____ Source data
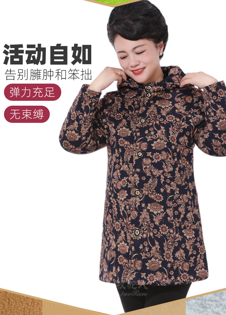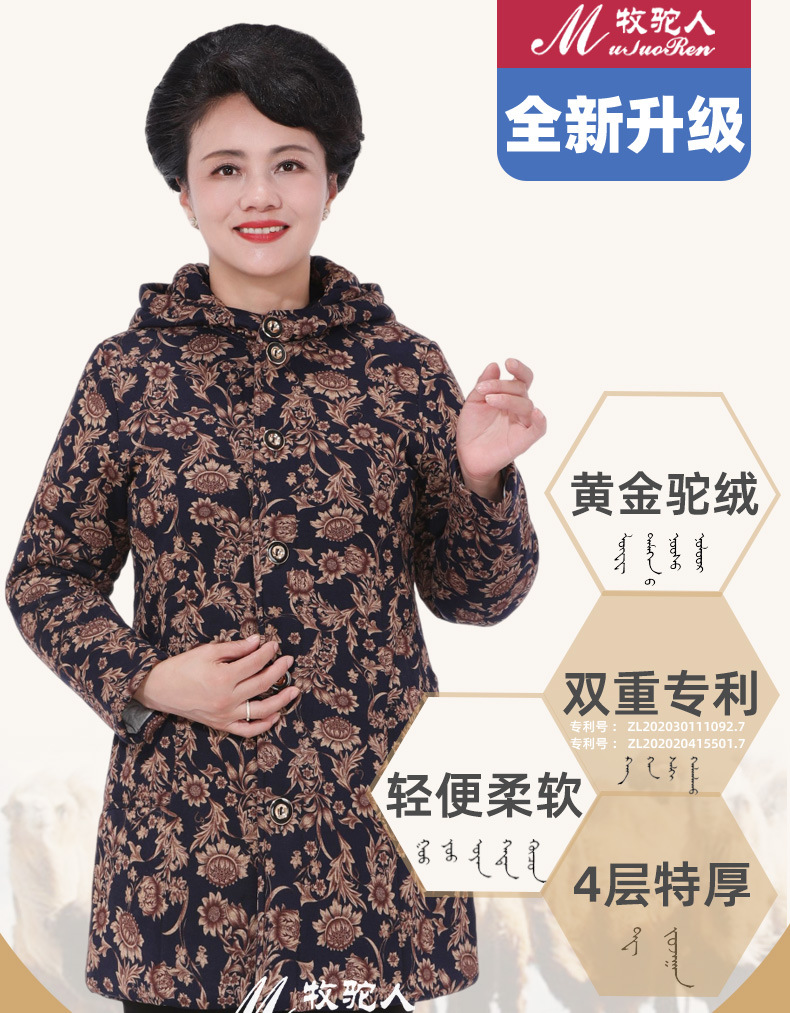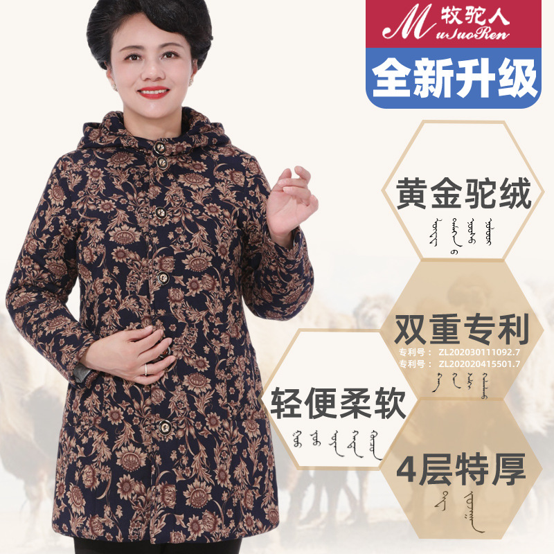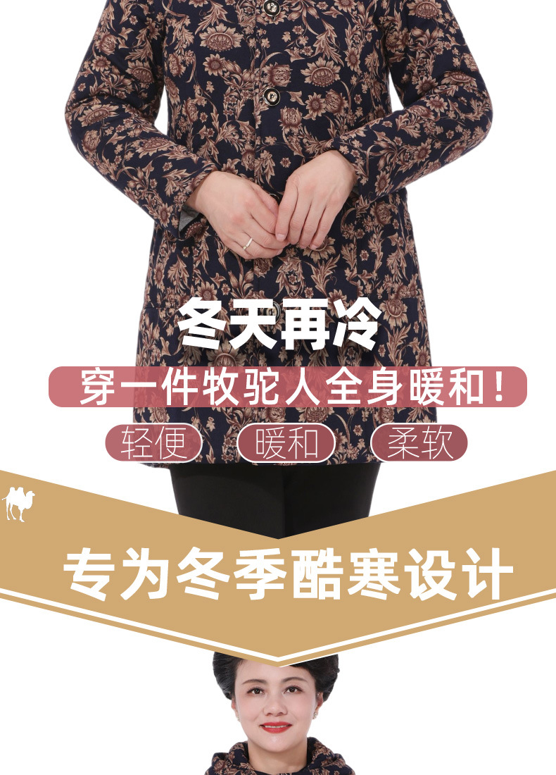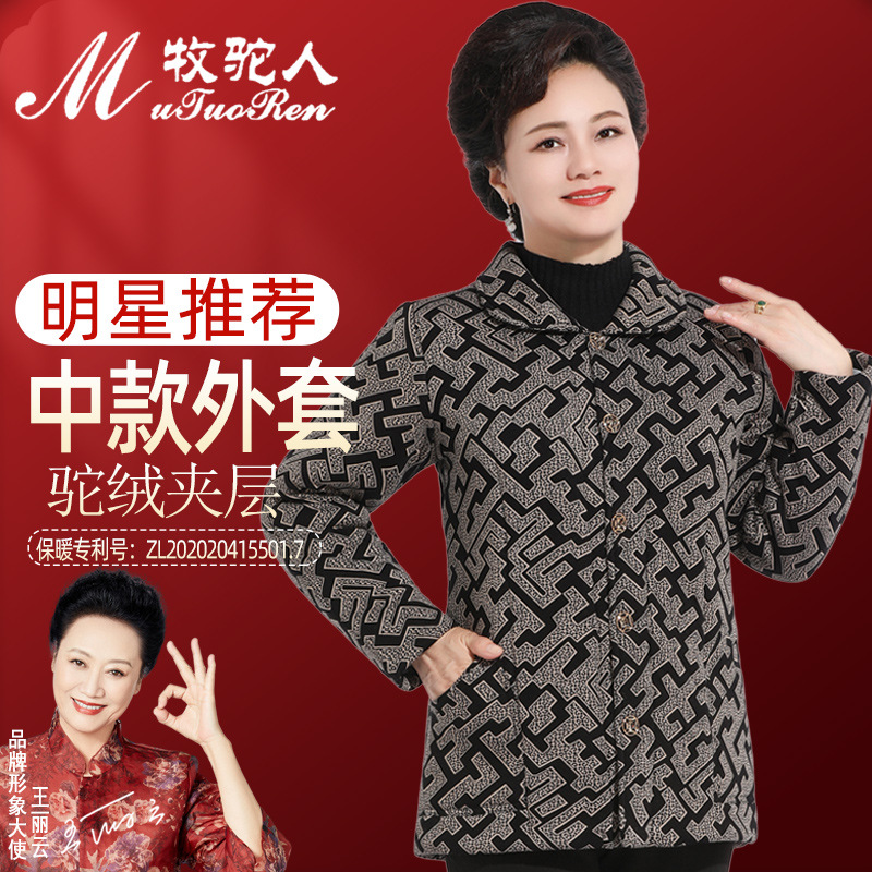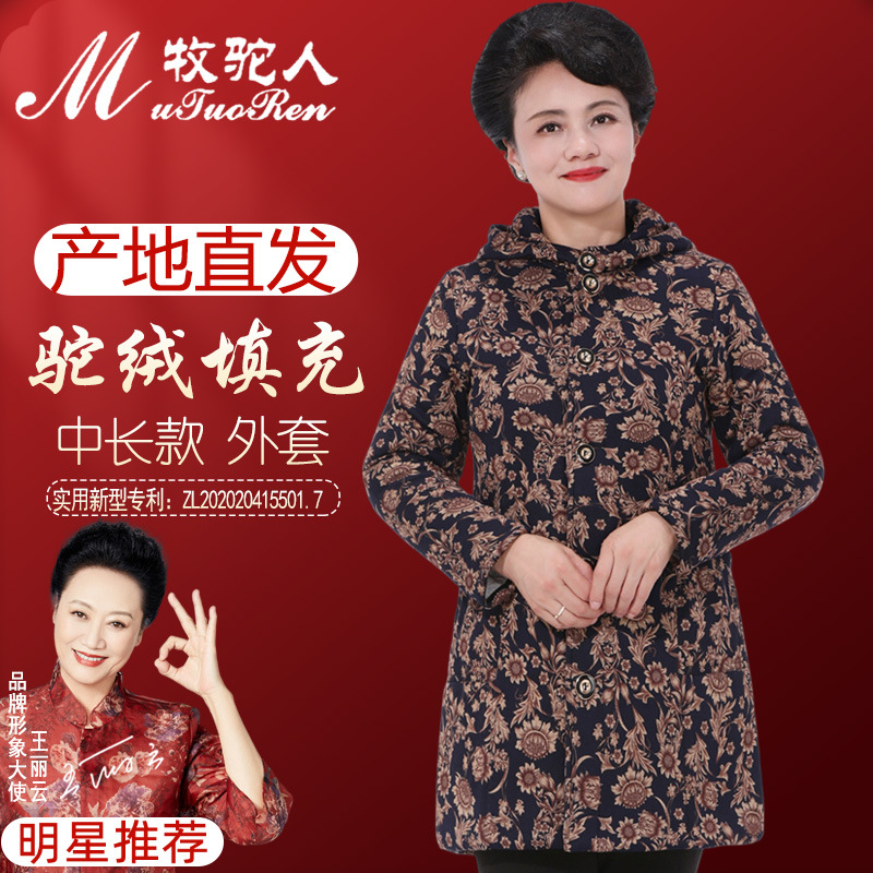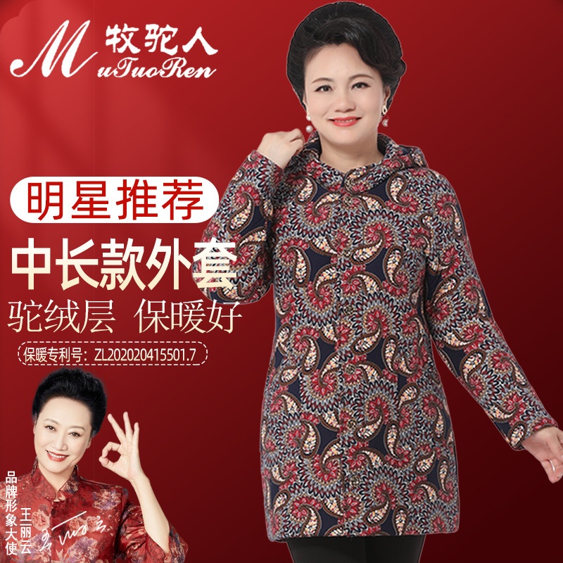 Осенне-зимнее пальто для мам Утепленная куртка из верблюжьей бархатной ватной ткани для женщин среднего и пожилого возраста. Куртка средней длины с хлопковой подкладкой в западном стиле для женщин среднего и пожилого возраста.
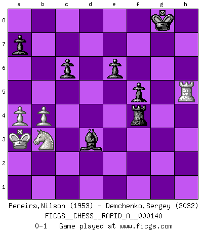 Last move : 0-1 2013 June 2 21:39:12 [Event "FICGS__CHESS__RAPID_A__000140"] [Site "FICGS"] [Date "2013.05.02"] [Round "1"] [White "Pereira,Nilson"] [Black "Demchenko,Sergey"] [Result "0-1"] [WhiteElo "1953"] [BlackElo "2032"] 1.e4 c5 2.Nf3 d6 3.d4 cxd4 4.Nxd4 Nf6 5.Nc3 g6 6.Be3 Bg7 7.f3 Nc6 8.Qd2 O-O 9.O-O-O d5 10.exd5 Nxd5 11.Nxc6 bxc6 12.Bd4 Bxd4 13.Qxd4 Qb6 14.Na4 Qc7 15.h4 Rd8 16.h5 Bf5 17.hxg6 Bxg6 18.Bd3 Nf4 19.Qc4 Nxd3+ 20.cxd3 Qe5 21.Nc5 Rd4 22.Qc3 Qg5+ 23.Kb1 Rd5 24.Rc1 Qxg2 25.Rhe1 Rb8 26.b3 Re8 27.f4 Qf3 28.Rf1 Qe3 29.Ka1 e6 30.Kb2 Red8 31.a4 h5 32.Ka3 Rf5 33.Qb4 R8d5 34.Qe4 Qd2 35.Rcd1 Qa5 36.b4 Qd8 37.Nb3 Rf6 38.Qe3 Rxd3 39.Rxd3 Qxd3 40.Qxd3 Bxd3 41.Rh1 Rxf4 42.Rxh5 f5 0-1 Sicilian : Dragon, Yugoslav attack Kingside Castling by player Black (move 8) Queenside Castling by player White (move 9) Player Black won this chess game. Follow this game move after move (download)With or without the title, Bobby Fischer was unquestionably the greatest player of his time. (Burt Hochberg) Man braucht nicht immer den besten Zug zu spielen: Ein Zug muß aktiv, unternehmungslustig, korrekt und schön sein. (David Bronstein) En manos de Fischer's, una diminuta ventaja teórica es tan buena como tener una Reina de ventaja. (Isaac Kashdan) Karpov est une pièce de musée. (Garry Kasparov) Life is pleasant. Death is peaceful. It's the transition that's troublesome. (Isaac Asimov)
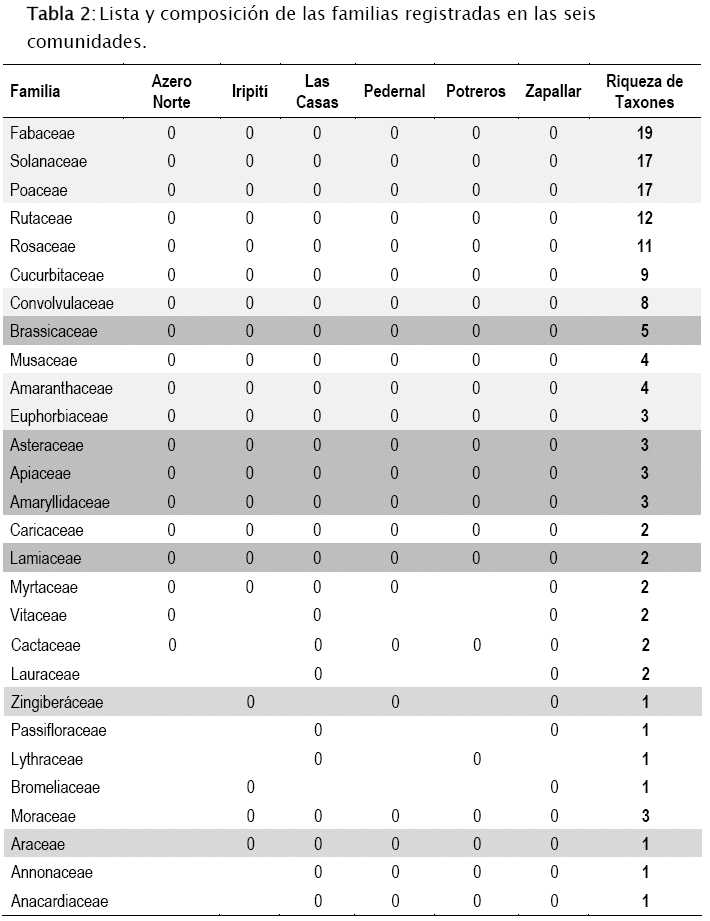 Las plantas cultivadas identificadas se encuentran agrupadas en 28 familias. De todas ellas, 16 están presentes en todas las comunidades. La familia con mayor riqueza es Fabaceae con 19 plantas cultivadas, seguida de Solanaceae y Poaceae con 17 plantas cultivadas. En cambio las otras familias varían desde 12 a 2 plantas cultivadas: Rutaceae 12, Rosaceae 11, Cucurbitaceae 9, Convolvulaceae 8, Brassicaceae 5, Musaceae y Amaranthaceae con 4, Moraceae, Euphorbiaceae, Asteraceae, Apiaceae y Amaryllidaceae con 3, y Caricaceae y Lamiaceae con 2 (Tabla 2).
________
Problem statement: With the pictures set aside, write out the whole listing exactly.

Solution for this problem:
 Осенне-зимнее пальто для мам Утепленная куртка из верблюжьей бархатной ватной ткани для женщин среднего и пожилого возраста. Куртка средней длины с хлопковой подкладкой в западном стиле для женщин среднего и пожилого возраста.
 Last move : 0-1 2013 June 2 21:39:12 [Event "FICGS__CHESS__RAPID_A__000140"] [Site "FICGS"] [Date "2013.05.02"] [Round "1"] [White "Pereira,Nilson"] [Black "Demchenko,Sergey"] [Result "0-1"] [WhiteElo "1953"] [BlackElo "2032"] 1.e4 c5 2.Nf3 d6 3.d4 cxd4 4.Nxd4 Nf6 5.Nc3 g6 6.Be3 Bg7 7.f3 Nc6 8.Qd2 O-O 9.O-O-O d5 10.exd5 Nxd5 11.Nxc6 bxc6 12.Bd4 Bxd4 13.Qxd4 Qb6 14.Na4 Qc7 15.h4 Rd8 16.h5 Bf5 17.hxg6 Bxg6 18.Bd3 Nf4 19.Qc4 Nxd3+ 20.cxd3 Qe5 21.Nc5 Rd4 22.Qc3 Qg5+ 23.Kb1 Rd5 24.Rc1 Qxg2 25.Rhe1 Rb8 26.b3 Re8 27.f4 Qf3 28.Rf1 Qe3 29.Ka1 e6 30.Kb2 Red8 31.a4 h5 32.Ka3 Rf5 33.Qb4 R8d5 34.Qe4 Qd2 35.Rcd1 Qa5 36.b4 Qd8 37.Nb3 Rf6 38.Qe3 Rxd3 39.Rxd3 Qxd3 40.Qxd3 Bxd3 41.Rh1 Rxf4 42.Rxh5 f5 0-1 Sicilian : Dragon, Yugoslav attack Kingside Castling by player Black (move 8) Queenside Castling by player White (move 9) Player Black won this chess game. Follow this game move after move (download)With or without the title, Bobby Fischer was unquestionably the greatest player of his time. (Burt Hochberg) Man braucht nicht immer den besten Zug zu spielen: Ein Zug muß aktiv, unternehmungslustig, korrekt und schön sein. (David Bronstein) En manos de Fischer's, una diminuta ventaja teórica es tan buena como tener una Reina de ventaja. (Isaac Kashdan) Karpov est une pièce de musée. (Garry Kasparov) Life is pleasant. Death is peaceful. It's the transition that's troublesome. (Isaac Asimov)
 Las plantas cultivadas identificadas se encuentran agrupadas en 28 familias. De todas ellas, 16 están presentes en todas las comunidades. La familia con mayor riqueza es Fabaceae con 19 plantas cultivadas, seguida de Solanaceae y Poaceae con 17 plantas cultivadas. En cambio las otras familias varían desde 12 a 2 plantas cultivadas: Rutaceae 12, Rosaceae 11, Cucurbitaceae 9, Convolvulaceae 8, Brassicaceae 5, Musaceae y Amaranthaceae con 4, Moraceae, Euphorbiaceae, Asteraceae, Apiaceae y Amaryllidaceae con 3, y Caricaceae y Lamiaceae con 2 (Tabla 2).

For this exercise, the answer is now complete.